(ASSIGNED TASK): Your answer must be an exact copy of the data, without any pictures.

=== Section Start ===

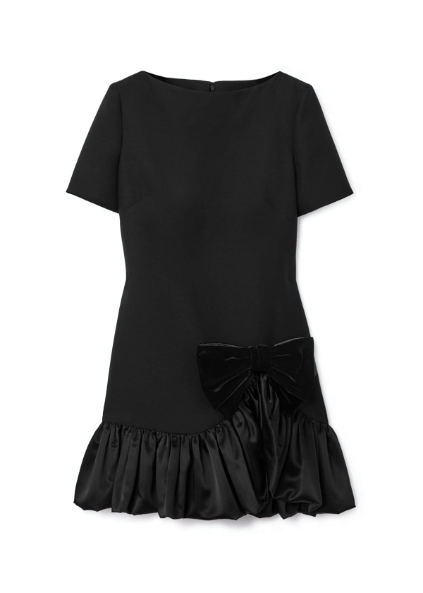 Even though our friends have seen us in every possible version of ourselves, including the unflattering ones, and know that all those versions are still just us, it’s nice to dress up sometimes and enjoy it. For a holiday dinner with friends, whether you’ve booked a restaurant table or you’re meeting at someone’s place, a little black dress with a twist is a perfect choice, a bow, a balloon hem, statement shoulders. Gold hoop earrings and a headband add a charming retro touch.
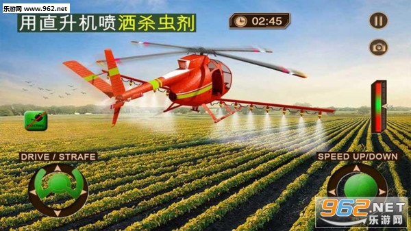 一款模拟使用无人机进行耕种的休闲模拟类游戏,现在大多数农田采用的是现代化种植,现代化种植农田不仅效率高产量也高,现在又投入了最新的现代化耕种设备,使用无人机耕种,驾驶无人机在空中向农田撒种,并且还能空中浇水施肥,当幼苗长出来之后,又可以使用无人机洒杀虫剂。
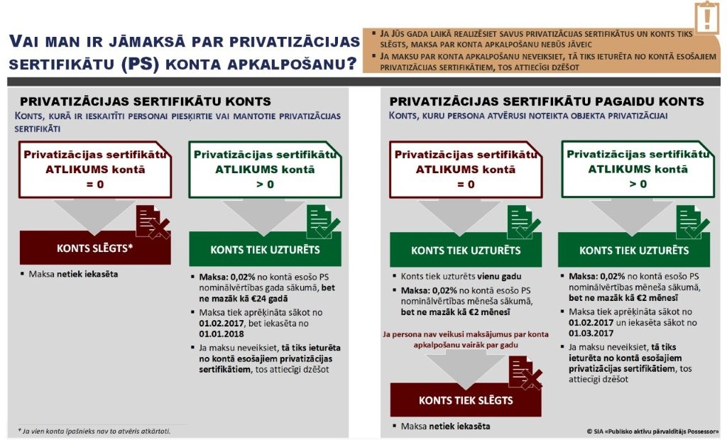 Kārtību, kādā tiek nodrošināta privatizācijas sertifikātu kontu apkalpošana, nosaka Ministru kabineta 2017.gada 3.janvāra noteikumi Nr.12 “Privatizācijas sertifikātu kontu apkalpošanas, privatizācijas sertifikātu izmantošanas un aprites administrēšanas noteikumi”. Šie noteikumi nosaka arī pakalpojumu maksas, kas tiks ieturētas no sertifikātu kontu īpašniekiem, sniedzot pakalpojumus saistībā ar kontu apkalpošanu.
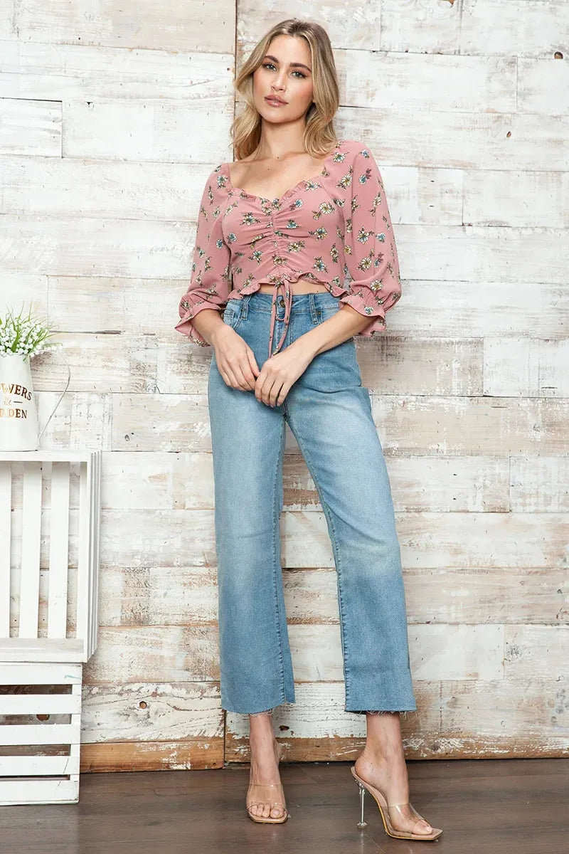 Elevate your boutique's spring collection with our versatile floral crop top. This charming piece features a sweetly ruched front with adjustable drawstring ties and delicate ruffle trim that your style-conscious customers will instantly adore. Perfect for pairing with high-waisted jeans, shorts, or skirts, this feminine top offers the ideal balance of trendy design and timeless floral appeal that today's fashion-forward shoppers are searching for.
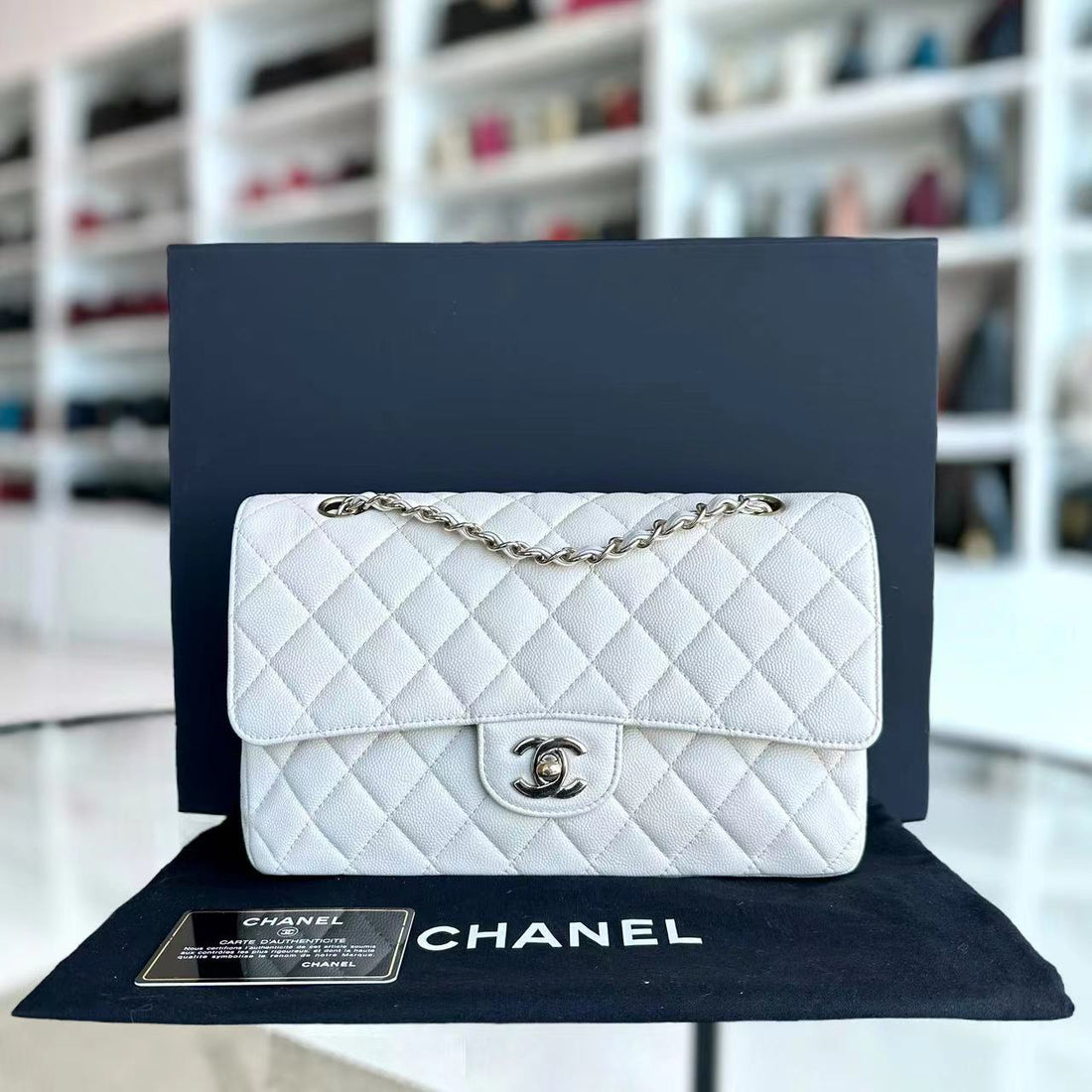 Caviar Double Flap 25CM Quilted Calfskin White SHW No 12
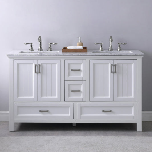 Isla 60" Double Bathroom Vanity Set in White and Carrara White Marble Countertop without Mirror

=== Section End ===

(THE ANSWER):
 Even though our friends have seen us in every possible version of ourselves, including the unflattering ones, and know that all those versions are still just us, it’s nice to dress up sometimes and enjoy it. For a holiday dinner with friends, whether you’ve booked a restaurant table or you’re meeting at someone’s place, a little black dress with a twist is a perfect choice, a bow, a balloon hem, statement shoulders. Gold hoop earrings and a headband add a charming retro touch.
 一款模拟使用无人机进行耕种的休闲模拟类游戏,现在大多数农田采用的是现代化种植,现代化种植农田不仅效率高产量也高,现在又投入了最新的现代化耕种设备,使用无人机耕种,驾驶无人机在空中向农田撒种,并且还能空中浇水施肥,当幼苗长出来之后,又可以使用无人机洒杀虫剂。
 Kārtību, kādā tiek nodrošināta privatizācijas sertifikātu kontu apkalpošana, nosaka Ministru kabineta 2017.gada 3.janvāra noteikumi Nr.12 “Privatizācijas sertifikātu kontu apkalpošanas, privatizācijas sertifikātu izmantošanas un aprites administrēšanas noteikumi”. Šie noteikumi nosaka arī pakalpojumu maksas, kas tiks ieturētas no sertifikātu kontu īpašniekiem, sniedzot pakalpojumus saistībā ar kontu apkalpošanu.
 Elevate your boutique's spring collection with our versatile floral crop top. This charming piece features a sweetly ruched front with adjustable drawstring ties and delicate ruffle trim that your style-conscious customers will instantly adore. Perfect for pairing with high-waisted jeans, shorts, or skirts, this feminine top offers the ideal balance of trendy design and timeless floral appeal that today's fashion-forward shoppers are searching for.
 Caviar Double Flap 25CM Quilted Calfskin White SHW No 12
 Isla 60" Double Bathroom Vanity Set in White and Carrara White Marble Countertop without Mirror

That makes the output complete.